• _Activity_:
Repeat exactly the line with "L'abitazione si compone" and each line after it to the end of the data below; pictures stay out.

(Beginning of Data listing)

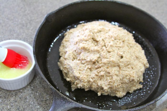 - Scoop the dough out of bowl and into baking dish, mounding in the center.
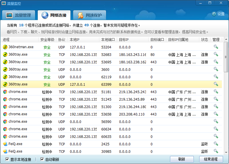3、360流量监控能够检测进程的本地IP端口和目标IP端口,以及IP的归属地,帮助用户更好地了解网络连接情况。
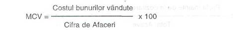 Acest indicator serveste la compararea activitatii companiei cu firmele concurente, costul bunurilor vandute variind foarte mult in functie de produsul realizat. Se calculeaza astfel:
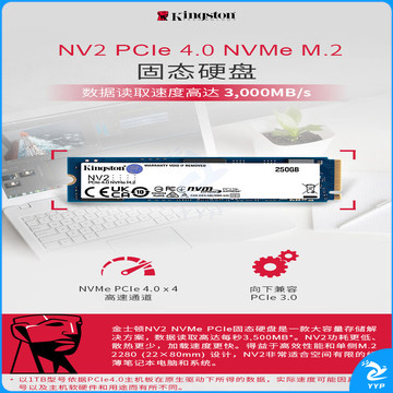 金士顿(Kingston) 2TB SSD固态硬盘 M.2接口(NVMe协议 PCIe 4.0×4)兼容PCIe3.0 NV2系列 读速高达3000MB/s
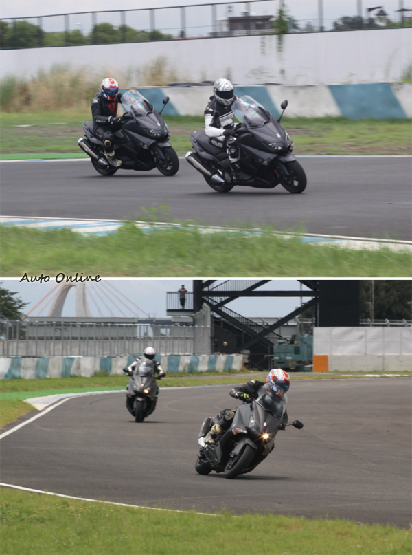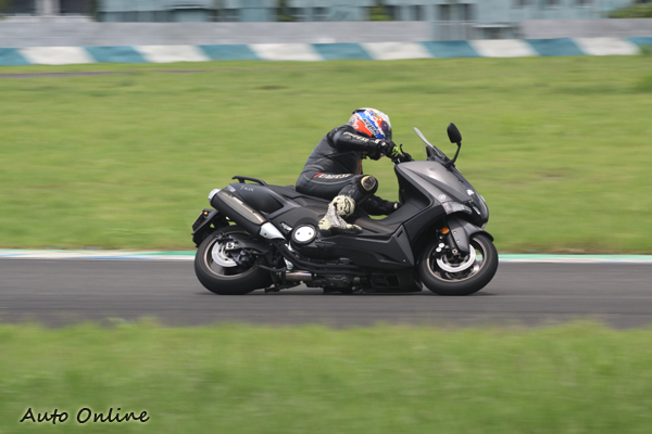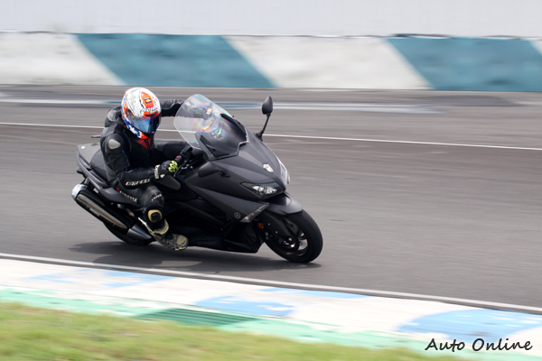在賽道試車的經驗不算少,但騎乘大型Scooter在這裡試車倒是第一次。因此第一圈的的時候我們主要以孰悉場地為主,並不刻意追求極限。在頭圈中低速的暖胎時,我們感受到TMAX在中低速域的輸出相當平穩滑順,檔位間的接合流暢。而當我們逐漸熟悉車輛的特性後,加大的油門讓我們見識到TMAX不同風情的另一面。
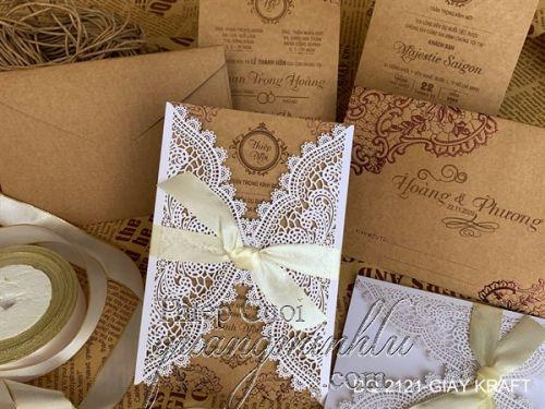 Mẫu thiệp cưới laser với giấy Kraft ưa chuộng. Thiệp cưới cắt laser bìa trắng. Giá dành cho số lượng từ 300 thiệp trở lên . Giá tiền chưa tính tiền ép kim tên. Có in sơ đồ.
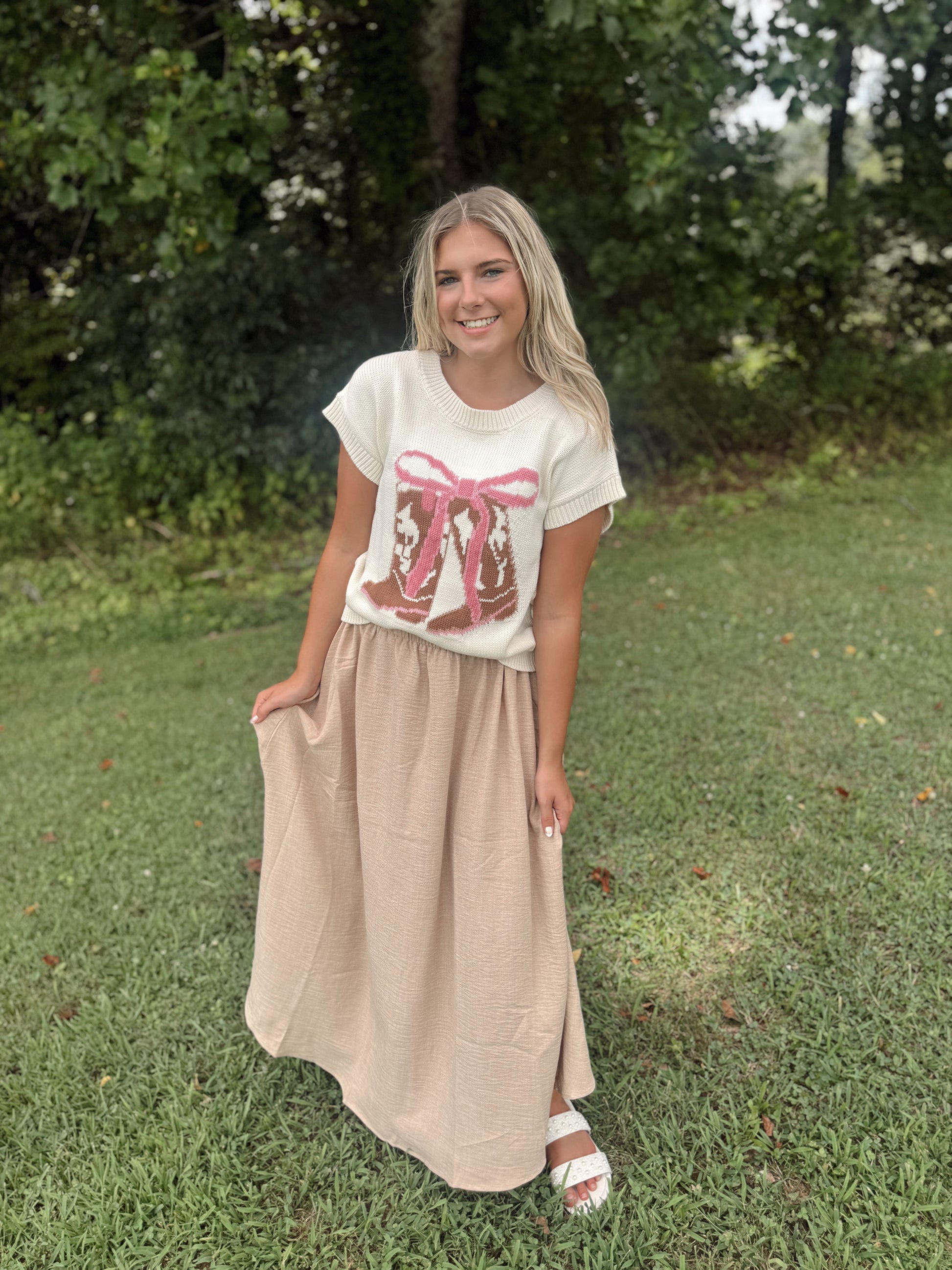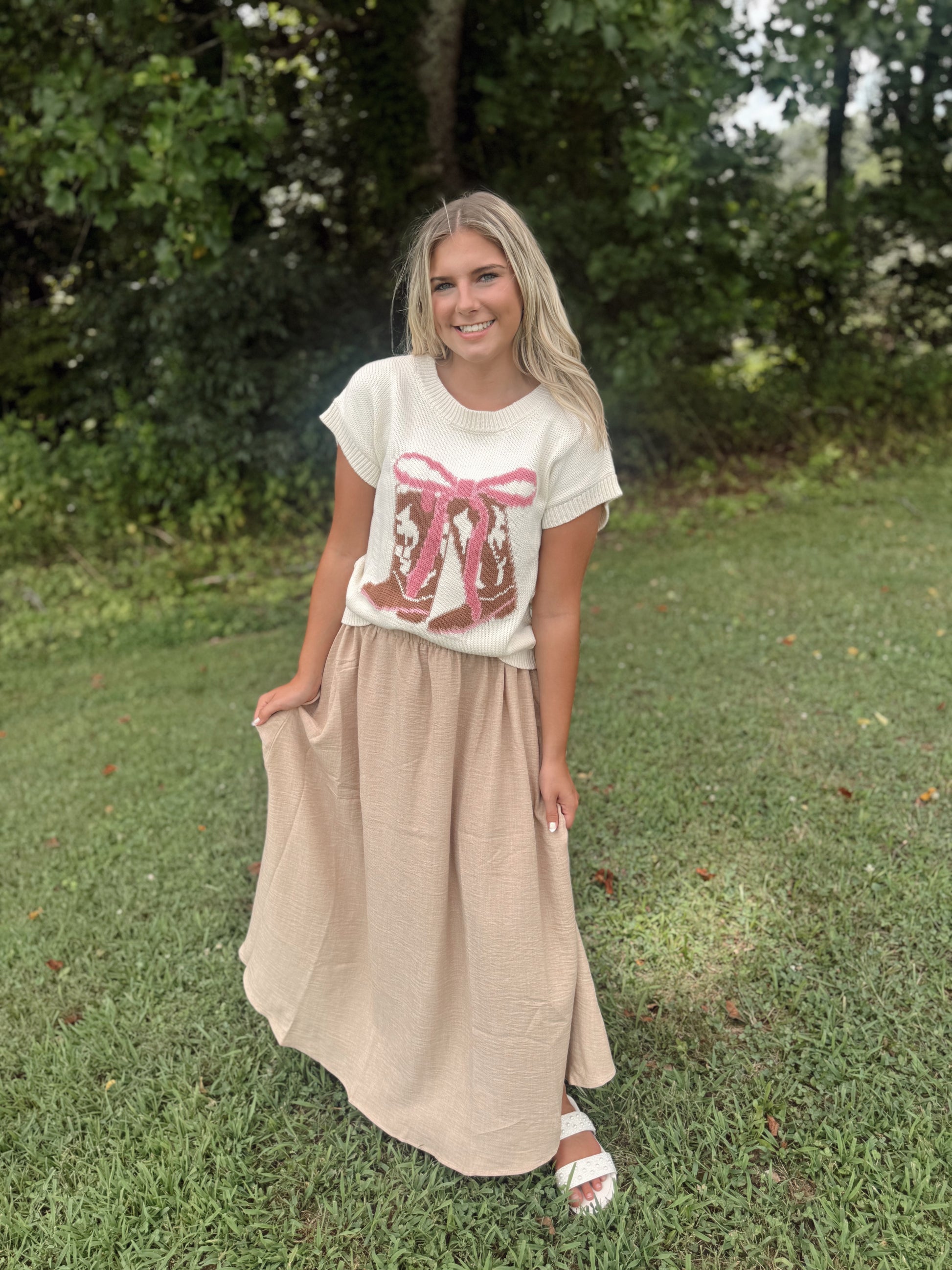 Elevate your wardrobe with the Chasing Love Boots Sweater Top, featuring a refined boot bow jacquard pattern on a short sleeve knit design. Crafted for both style and comfort, this sweater offers a sophisticated texture that pairs effortlessly with casual or dressier looks. Its breathable knit fabric ensures all-day wearability, making it a versatile addition to your seasonal collection.
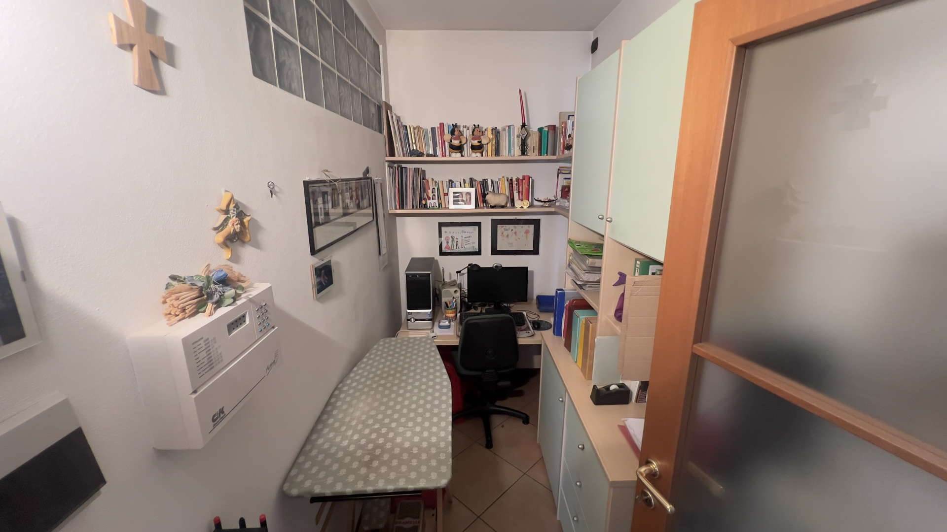 L'abitazione si compone di ingresso, angolo cottura abitabile, soggiorno luminoso, due camere da letto (di cui una matrimoniale), due bagni e ripostiglio adibito a studio, con ambienti ben distribuiti e funzionali. La presenza di un balcone aggiunge uno sfogo esterno piacevole e vivibile.
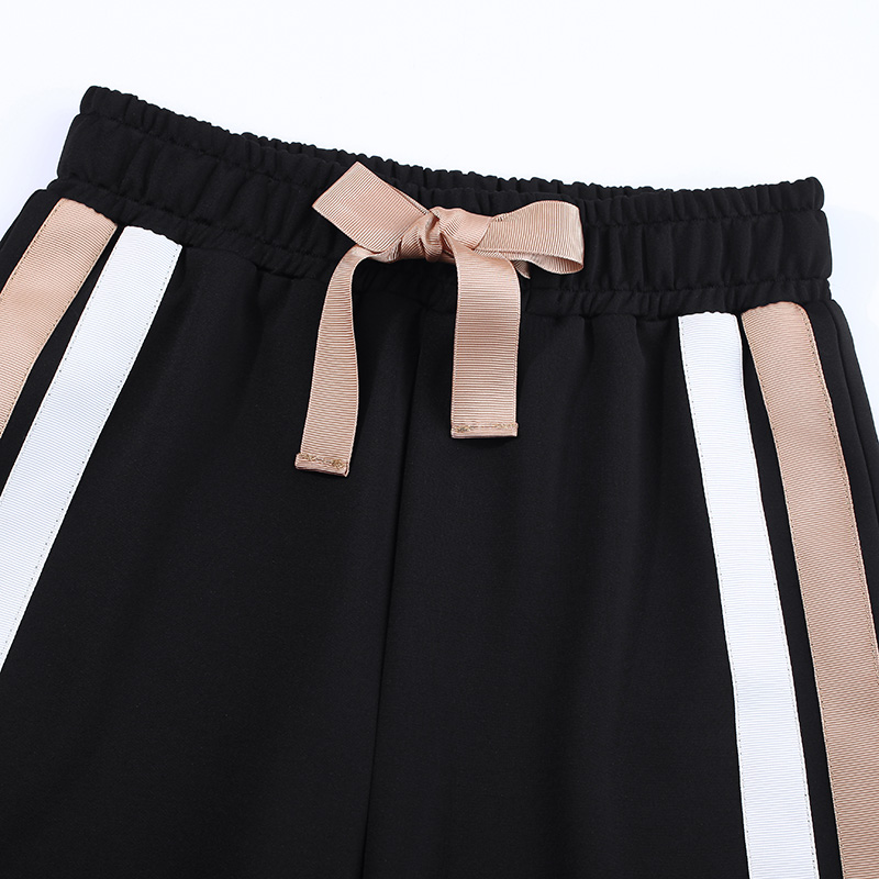 / 闊腿褲女九分褲高腰韓版學生顯瘦春裝新款百搭條紋寬松褲子夏

(End of Data listing)

• _Task response_:
 L'abitazione si compone di ingresso, angolo cottura abitabile, soggiorno luminoso, due camere da letto (di cui una matrimoniale), due bagni e ripostiglio adibito a studio, con ambienti ben distribuiti e funzionali. La presenza di un balcone aggiunge uno sfogo esterno piacevole e vivibile.
 / 闊腿褲女九分褲高腰韓版學生顯瘦春裝新款百搭條紋寬松褲子夏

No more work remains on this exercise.